[Recorded data]
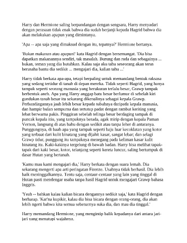 'Bukan makanan atau apapun!' kata Hagrid dengan bersemangat. 'Dia bisa
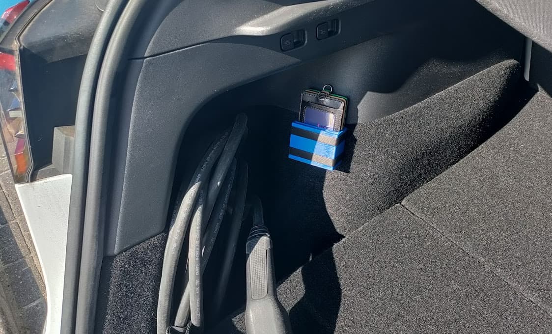 Een nieuwe versie van mijn laadpashouder ontworpen en word nu geprint. De vorige had klittenband erop geplakt, maar dat liet telkens los met warme dagen.
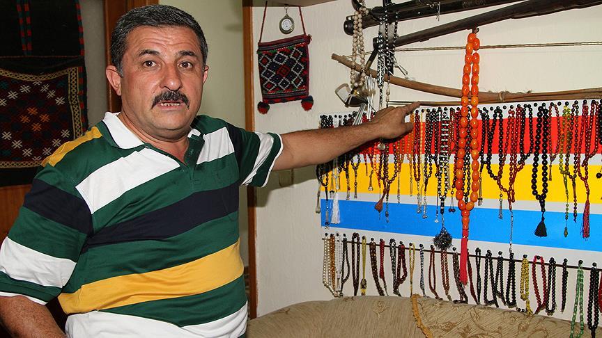 Takoz, AA muhabirine yaptığı açıklamada, tespih toplamaya 30 yıl önce hobi olarak başladığını, değerli değersiz, aralarında değişik taşların da olduğu bine yakın tespih biriktirdiğini söyledi.
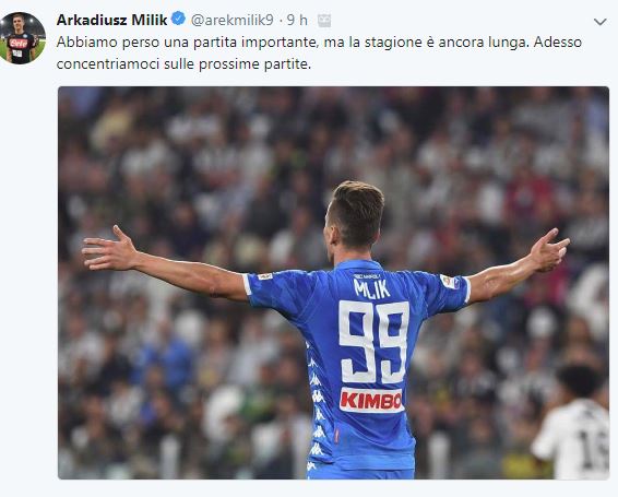 Il Napoli non si ferma a Torino, il Napoli guarda avanti e si proietta già alla prossima. Lo dice e lo conferma via social Arkadius Milik. Show must go on…come il campionato!
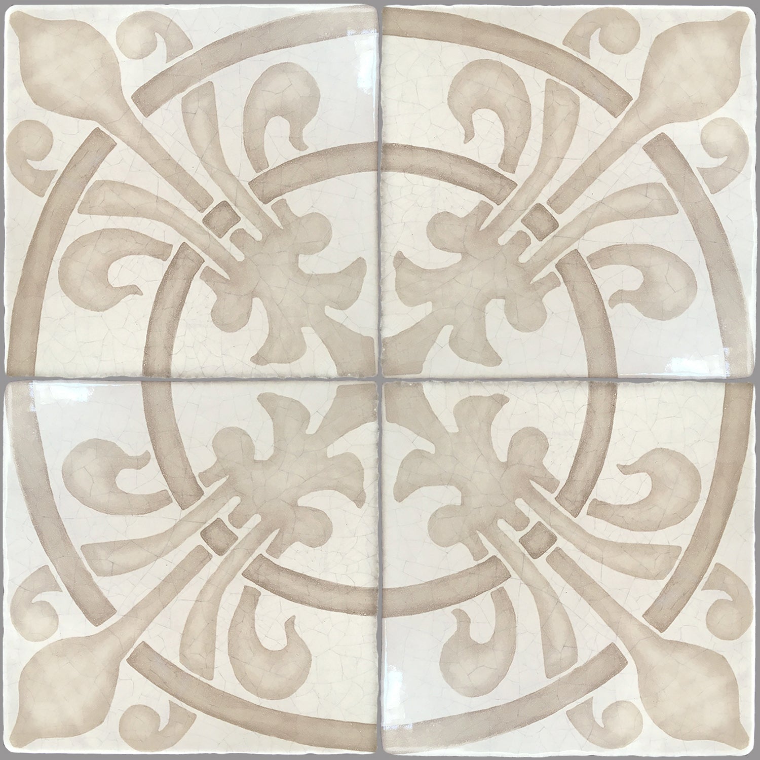 Hand-painted French encaustic decorative glazed ceramic wall tiles with a distinctive hand-crackled finish, inspired by 14th-century French motifs. Drawn from historic encaustic patterns—including the fleur-de-lys and the natural world—each tile is developed from carefully studied sources and translated through the artist’s hand. Kiln-fired and delicately etched, the surface reveals a soft, crackled patina reminiscent of antique ceramic, with subtle irregularities that preserve the depth and authenticity of early European craftsmanship.

PROBLEM DETAILS »
Going from the line holding "Takoz, AA muhabirine" to the last line of the data above, reproduce every line exactly, both included, with the pictures omitted.

RESPONSE »
 Takoz, AA muhabirine yaptığı açıklamada, tespih toplamaya 30 yıl önce hobi olarak başladığını, değerli değersiz, aralarında değişik taşların da olduğu bine yakın tespih biriktirdiğini söyledi.
 Il Napoli non si ferma a Torino, il Napoli guarda avanti e si proietta già alla prossima. Lo dice e lo conferma via social Arkadius Milik. Show must go on…come il campionato!
 Hand-painted French encaustic decorative glazed ceramic wall tiles with a distinctive hand-crackled finish, inspired by 14th-century French motifs. Drawn from historic encaustic patterns—including the fleur-de-lys and the natural world—each tile is developed from carefully studied sources and translated through the artist’s hand. Kiln-fired and delicately etched, the surface reveals a soft, crackled patina reminiscent of antique ceramic, with subtle irregularities that preserve the depth and authenticity of early European craftsmanship.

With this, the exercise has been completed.